- **Exercise details**: Return the data below exactly, please, but drop the pictures.
++++ Data for the task
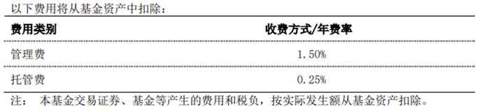 年管理费率为1.50%、年托管费率为0.25%,这两项费用按实际发生额从基金资产中扣除。
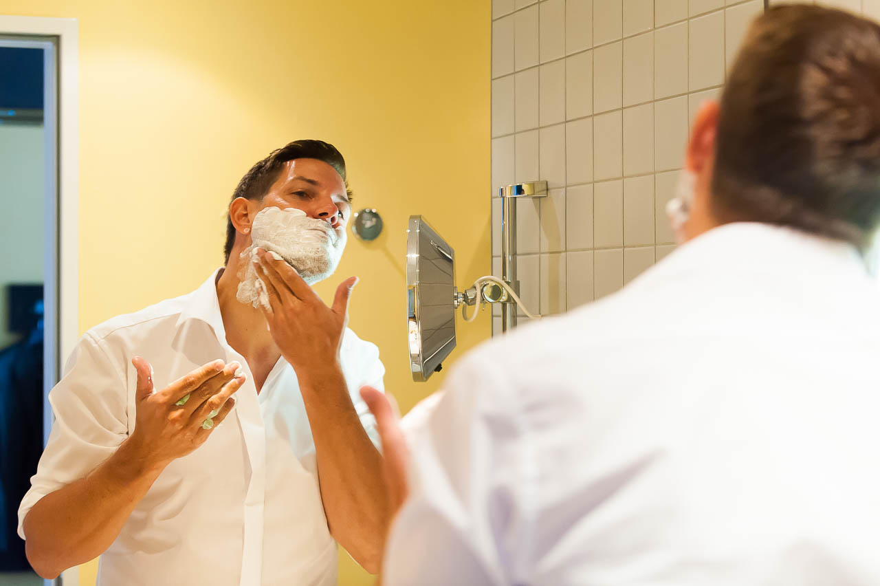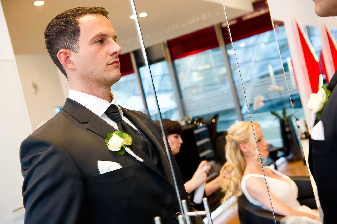 - Braeutigam im Spiegel vor der Trauung. Spannende Momente vor dem grossen Tag!
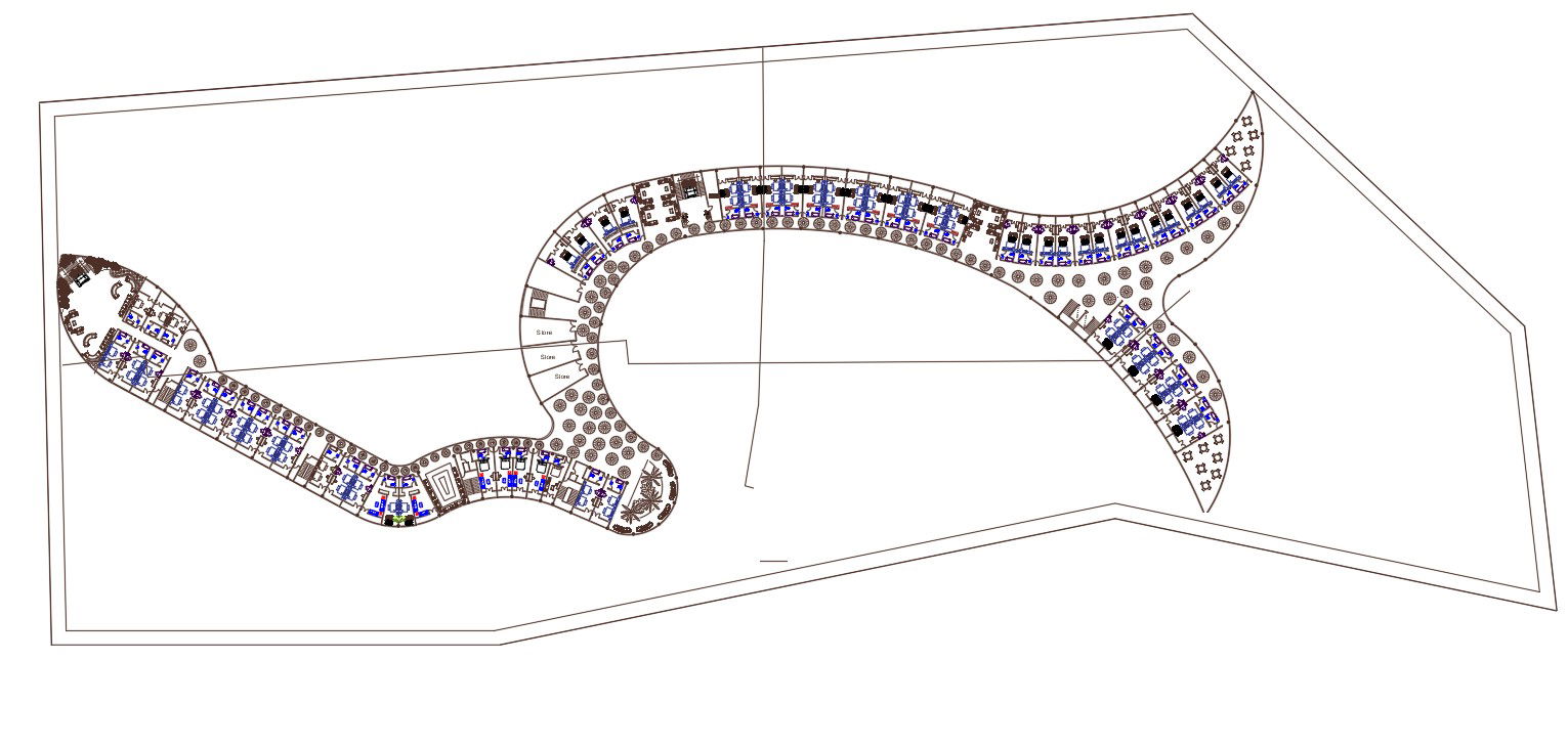 The hotel bedrooms floor plan design that shows multiple bedroom with furniture design, reception area, canteen and restaurant, and landscaping design. download hotel bedroom floor design master plan with furniture layout design DWG file.
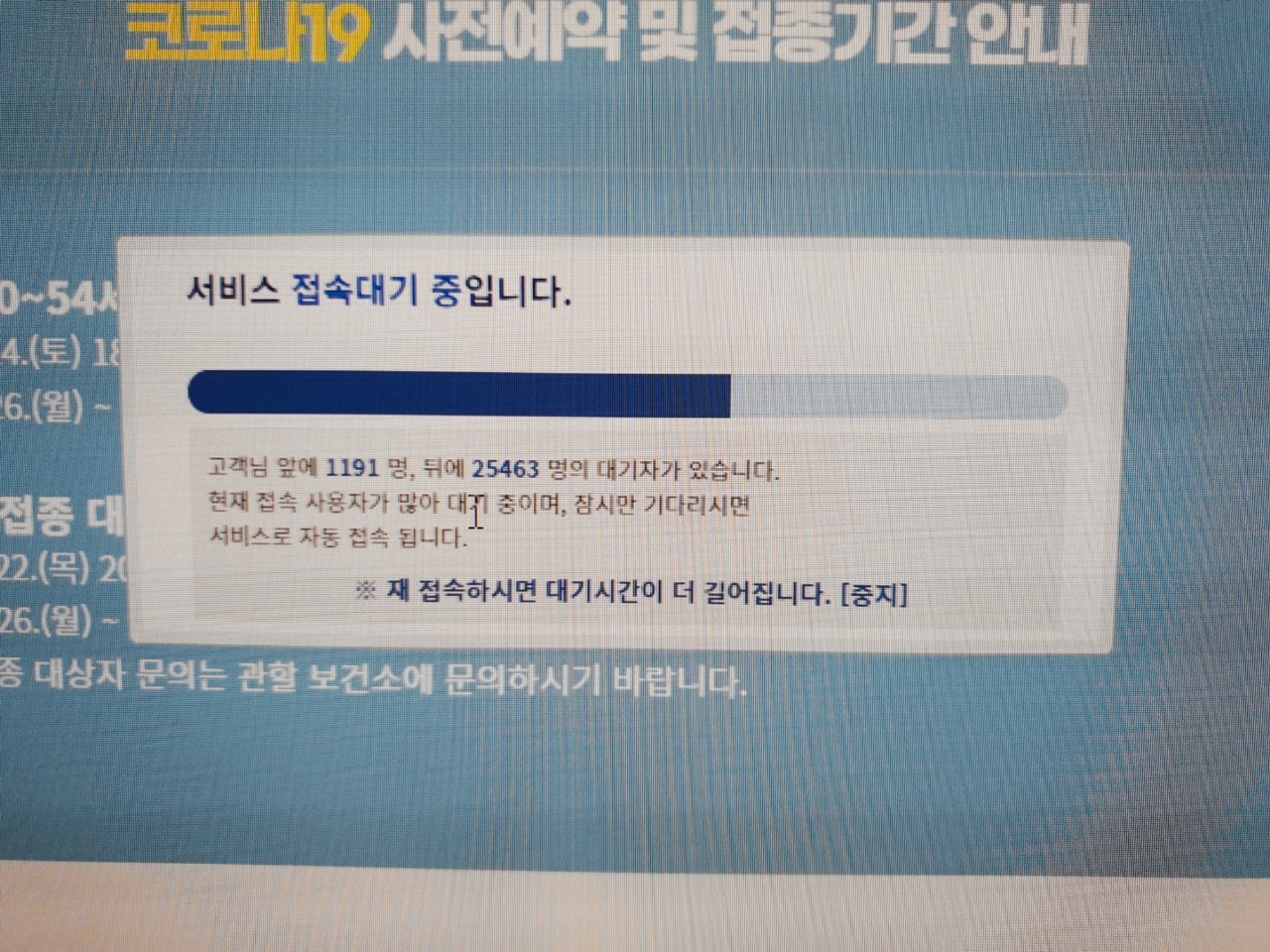 저는 PC 크롬 브라우저를 이용해 접속했었습니다. 계속 안눌려서 결국은 다시 재접속했더니 다시 대기자가 3만명이 되더군요. 이걸 한 두 차례 반복하고 매번 다시 초기화되어서 제 앞의 3만명의 대기자를 바라보는 저의 마음은... 아 코로나 백신 사전예약에 실패했다는 사람이 바로 나로구나 했어요....
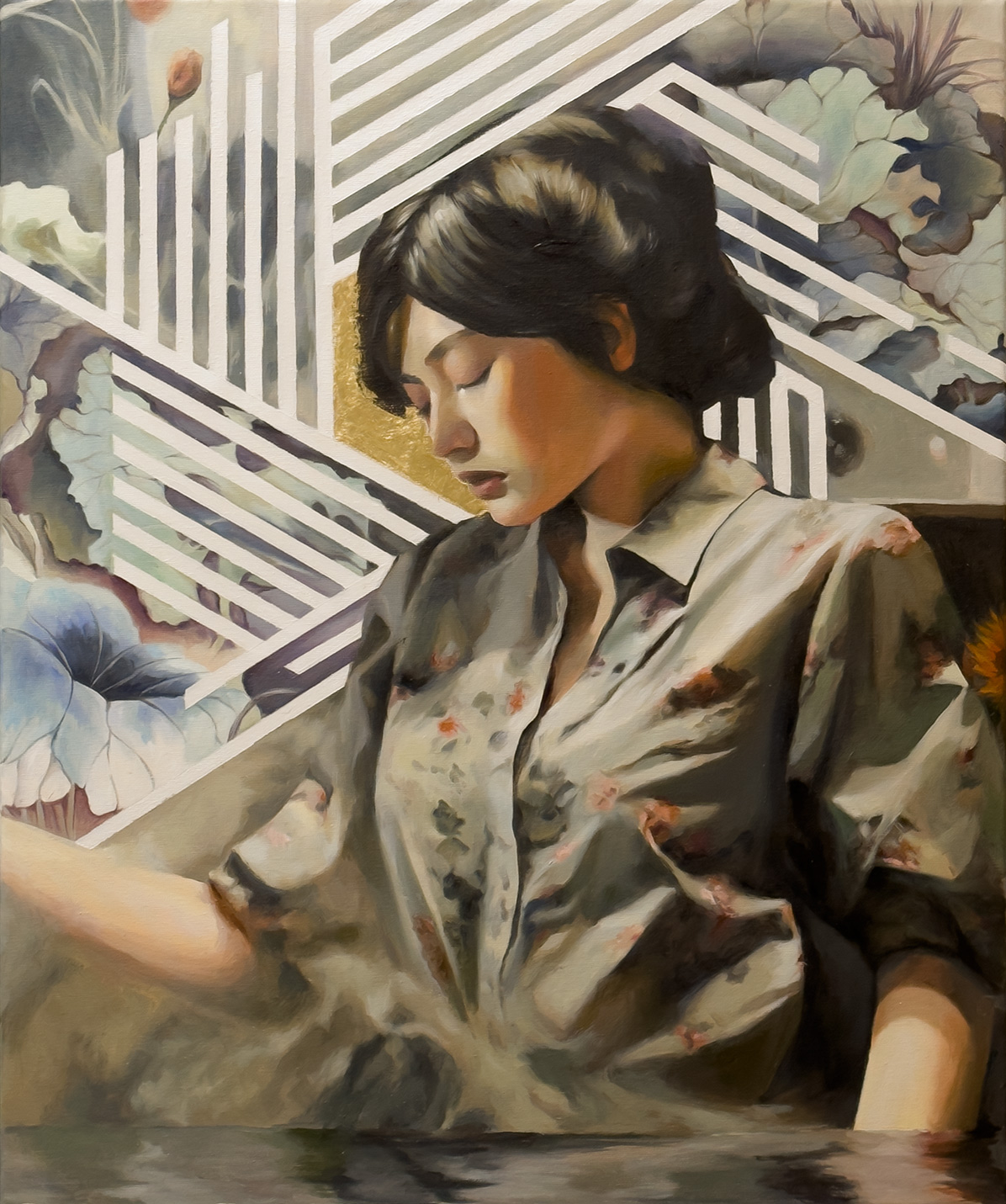 “Changes” by Chris Le is a captivating oil painting that beautifully encapsulates a moment of introspection and transformation. The central figure, a young woman with her eyes closed, evokes a sense of calm and contemplation. The intricate background features geometric patterns and delicate floral motifs, symbolising the interplay between structure and nature, change and constancy. The soft hues of her attire blend seamlessly with the surrounding elements, creating a harmonious and serene composition. The elegant gold frame further enhances the painting’s sophistication, making it a standout piece.
++++++++
- **Exercise output**:
 年管理费率为1.50%、年托管费率为0.25%,这两项费用按实际发生额从基金资产中扣除。
 - Braeutigam im Spiegel vor der Trauung. Spannende Momente vor dem grossen Tag!
 The hotel bedrooms floor plan design that shows multiple bedroom with furniture design, reception area, canteen and restaurant, and landscaping design. download hotel bedroom floor design master plan with furniture layout design DWG file.
 저는 PC 크롬 브라우저를 이용해 접속했었습니다. 계속 안눌려서 결국은 다시 재접속했더니 다시 대기자가 3만명이 되더군요. 이걸 한 두 차례 반복하고 매번 다시 초기화되어서 제 앞의 3만명의 대기자를 바라보는 저의 마음은... 아 코로나 백신 사전예약에 실패했다는 사람이 바로 나로구나 했어요....
 “Changes” by Chris Le is a captivating oil painting that beautifully encapsulates a moment of introspection and transformation. The central figure, a young woman with her eyes closed, evokes a sense of calm and contemplation. The intricate background features geometric patterns and delicate floral motifs, symbolising the interplay between structure and nature, change and constancy. The soft hues of her attire blend seamlessly with the surrounding elements, creating a harmonious and serene composition. The elegant gold frame further enhances the painting’s sophistication, making it a standout piece.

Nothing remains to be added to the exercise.